The starter blew a whistle, and Lash disappeared in a blur, racing down the track. He flipped his board up one side at least fifteen feet in the air, held it above his head with both hands, did a somersault, and landed on his board again.
He did it once more right at the finish line, and instead of landing on his board, he landed on his feet with the board raised over his head.
The crowd went wild.
“That’s incredible,” Dunc said. “I’ve never seen anything like that.”
“That’s because it’s never been done before. Lash told me he was going to try it for the first time here—at least, that’s what I think he was trying to tell me.”
“What’s he call it?”
“The Maggie tubular sky-high inverse sub-sub-shakysault.”
Dunc frowned. “The only thing I understand is the name of his board—that’s Maggie, right?”
“Right. Come on, let’s go talk to him.”
Lash was standing by the judges’ table. He was still wearing his helmet but had taken off his glasses. The skateboard was tucked under his arm. He was being interviewed by Dirk Cordoba, a local television sports announcer. Dunc and Amos stopped and waited for the interview to end.
“Another incredible display of aerial acrobatics,” Dirk said. “Lash Malesky, how do you do it?” Dirk wasn’t looking at Lash.
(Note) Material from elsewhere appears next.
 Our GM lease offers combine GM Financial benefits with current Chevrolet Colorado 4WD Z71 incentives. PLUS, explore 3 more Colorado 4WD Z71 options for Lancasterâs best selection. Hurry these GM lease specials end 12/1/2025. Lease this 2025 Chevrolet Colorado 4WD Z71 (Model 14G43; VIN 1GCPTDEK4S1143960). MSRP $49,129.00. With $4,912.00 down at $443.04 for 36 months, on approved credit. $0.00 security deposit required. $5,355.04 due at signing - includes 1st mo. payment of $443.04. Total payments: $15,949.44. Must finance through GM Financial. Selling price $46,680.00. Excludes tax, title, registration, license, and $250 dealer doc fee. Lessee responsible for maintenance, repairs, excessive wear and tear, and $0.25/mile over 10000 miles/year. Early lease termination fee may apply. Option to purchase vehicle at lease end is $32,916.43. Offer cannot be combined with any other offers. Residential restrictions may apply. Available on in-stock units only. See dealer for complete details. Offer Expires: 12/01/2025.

He was watching the camera. He had a big plastic smile on his face. The microphone was in one hand, and with a finger he flicked a gob of makeup out of the cleft in his chin.
“Awesome, Dirk,” Lash said. “It’s stoked, smoking to the wall—”
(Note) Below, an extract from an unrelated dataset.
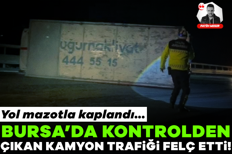Bursa'nın İznik ilçesinde sürücüsünün direksiyon hakimiyetini kaybettiği kamyon devrildi. Kazada yaralanan sürücü hastaneye kaldırılırken, yola dökülen mazot trafiği felç etti.

“Isn’t that a new board, Lash?” Dirk interrupted. He pointed at the board without taking his eyes off of the camera. “It isn’t the same one you used at the Nationals last year, is it?”
“Rad. Barrelling—”
“I noticed it says ‘Maggie’ across the top.” Amos was amazed that Dirk could notice so much without ever taking his eyes off the camera.
“Tweak—”
“Well, thank you very much for your time, Lash,” Dirk said. “I wish you the best for the rest of the day and the finals tomorrow.”
“Boned—”
“This is Dirk Cordoba with skateboarding ace Lash Malesky. Back to you in the booth, George.” He kept smiling until the red light on the top of the camera turned off. The smile went off with the light.